Exercise description:
Find and copy every line in the records that includes the string "өнуі".

The data:
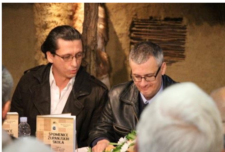
Promocija knjige Spomenice županjskih škola , 2019
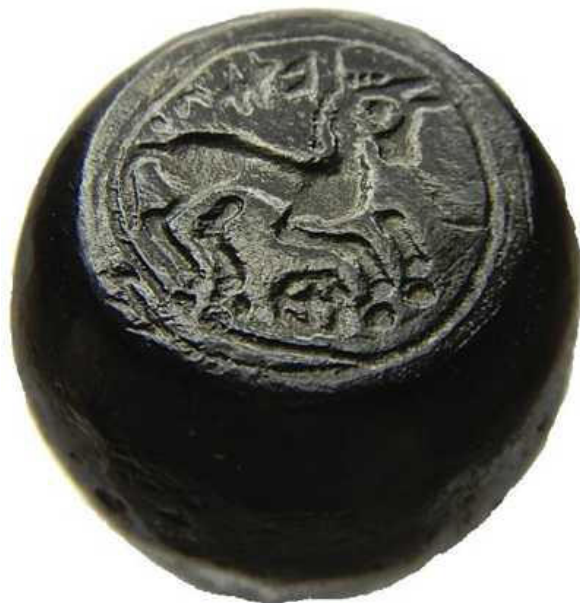
Fig. 1 : Le coin monétaire

Un nouveau coin monétaire gaulois en bronze ( fig. 1 ) m'a été communiqué par un collectionneur. Le type monétaire représenté est le revers de la drachme allobroge aux caractères lépontiques jusqu'à présent lus " IAZVS ".
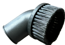
Brosse ronde (Ø38mm)
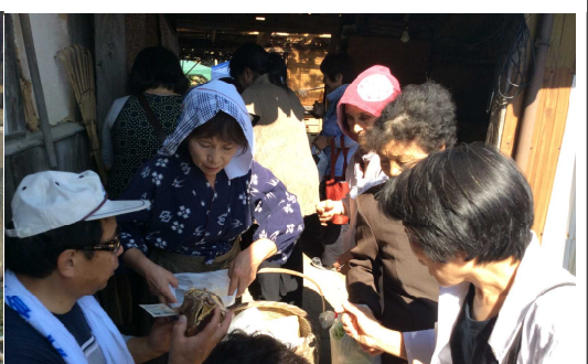
めいどの土産が大繁盛！
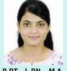
B.P.T. , L.P.N. , M.A.
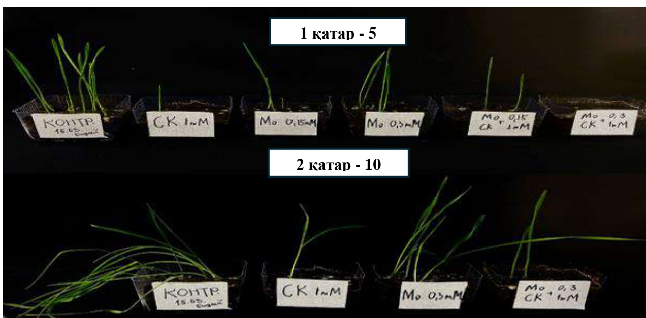
Сурет 2 Бидайдың 5 және 10 күнде өнуі мен өсуі

Жоғары көрсетілген салицил қышқылы концентрацияларда және 0.15, 0.3 мМ натрий молибдат тұзымен ылғалдандырылған топырақта 5-10 күнде бидайының өнуі мен өсуіне ауыр металдың әсерін зерттеу бойынша келесі көрсеткіштер анықталды (сурет 2, кесте 1):

Written solution:
Сурет 2 Бидайдың 5 және 10 күнде өнуі мен өсуі
Жоғары көрсетілген салицил қышқылы концентрацияларда және 0.15, 0.3 мМ натрий молибдат тұзымен ылғалдандырылған топырақта 5-10 күнде бидайының өнуі мен өсуіне ауыр металдың әсерін зерттеу бойынша келесі көрсеткіштер анықталды (сурет 2, кесте 1):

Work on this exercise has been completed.